Игорь растянулся поблизости на траве за дюной — море здесь потихонечку съедало пляжи, как уже почти сожрало Куршскую косу. Ощущая солнце скорее как вес, а не как тепло, он думал, что нужна разрядка. Нужна игра. Всерьез — со всеми оперативными действиями и большой ценой ошибки — но с нулевой ценой победы. Игра, в которой можно будет не считать потери противника.
Ночью он перехватил Энея по дороге из туалета.
— Поговорить надо, кэп.
Они отошли к краю леса.
— Нам нельзя ехать в Гамбург, — сказал Игорь. — Не совсем, а сейчас. В настоящий момент.
— Почему?
— Потому что так нельзя.
— Допустим. Но ведь все равно придется. Я очень хочу, чтобы там ничего не было. Молюсь каждый день, чтобы ничего не было. Но если там нет — значит, есть в Копенгагене. Потому что Каспера Курась сдать не мог. Про запасную группу как-то узнать мог, а вот про Каспера — нет.

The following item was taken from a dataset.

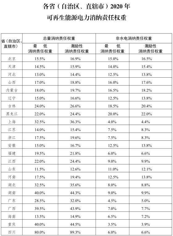 根據(jù)《國家發(fā)展改革委 國家能源局關(guān)于建立健全可再生能源電力消納保障機(jī)制的通知》(發(fā)改能源〔2019〕807號),在各地測算的基礎(chǔ)上,我們統(tǒng)籌提出了各省級行政區(qū)域2020年可再生能源電力消納責(zé)任權(quán)重,現(xiàn)印發(fā)你們,請認(rèn)真組織落實(shí)。

— А ты не думал о варианте «Восточный Экспресс»?
— В смысле?
— В смысле классического романа Агаты Кристи.
— Извини, я не читал.
— Кхм, — Игорь все никак не мог привыкнуть к специфическому кругу чтения Энея. В той прослойке, к которой он сам в юности принадлежал, не читать Агату Кристи было стыдно, 20 век вообще был временем культовым. — Придется мне нарушить свои принципы и рассказать тебе, кто убийца. Убийцы — все. Старушка Агата славно поиздевалась над читателем: там все подозреваемые виновны.
— И думать об этом не хочу.
— Ты и о Курасе не хотел. И теперь ходишь чёрный. Ты и Мэй с Десперадо все ещё думаете о себе как о людях ОАФ. А мы трое вообще довесок при вас. Случись ещё какая пакость — и мы посыплемся так, что даже Костя не удержит.
— И что ты предлагаешь?
— О. Пошел деловой разговор. Восемь месяцев назад нам с Миленой предложили дело. В Братиславе. Сами нашли и сами предложили — им нужны были партнеры-старшие. Есть такой варк, Фадрике де Сальво. Старый, из доповоротных еще. Большой человек в юго-восточной Европе. Антиквариат, лекарства, химия. И часть его хозяйства — в зоне рецивилизации. За фронтиром, понимаешь? Что-то он ввозит легально, что-то полулегально, а что-то… Вот ребятишки того Машека и хотели взять такой получерный транспорт. Мы посмотрели и отказались. Слишком много шума и стрельбы. И разошлись… нехорошо. Милене поначалу было интересно — наклевывался большой кусок. С такими деньгами, если уйти, в Сибири или в Китае легализоваться можно. Мы долго присматривались — и решили, что никак. Он среди прочего груза серебро ввозил, понимаешь? И камешки. Часть груза потом уходит толкачам помельче, вроде твоего Стаха.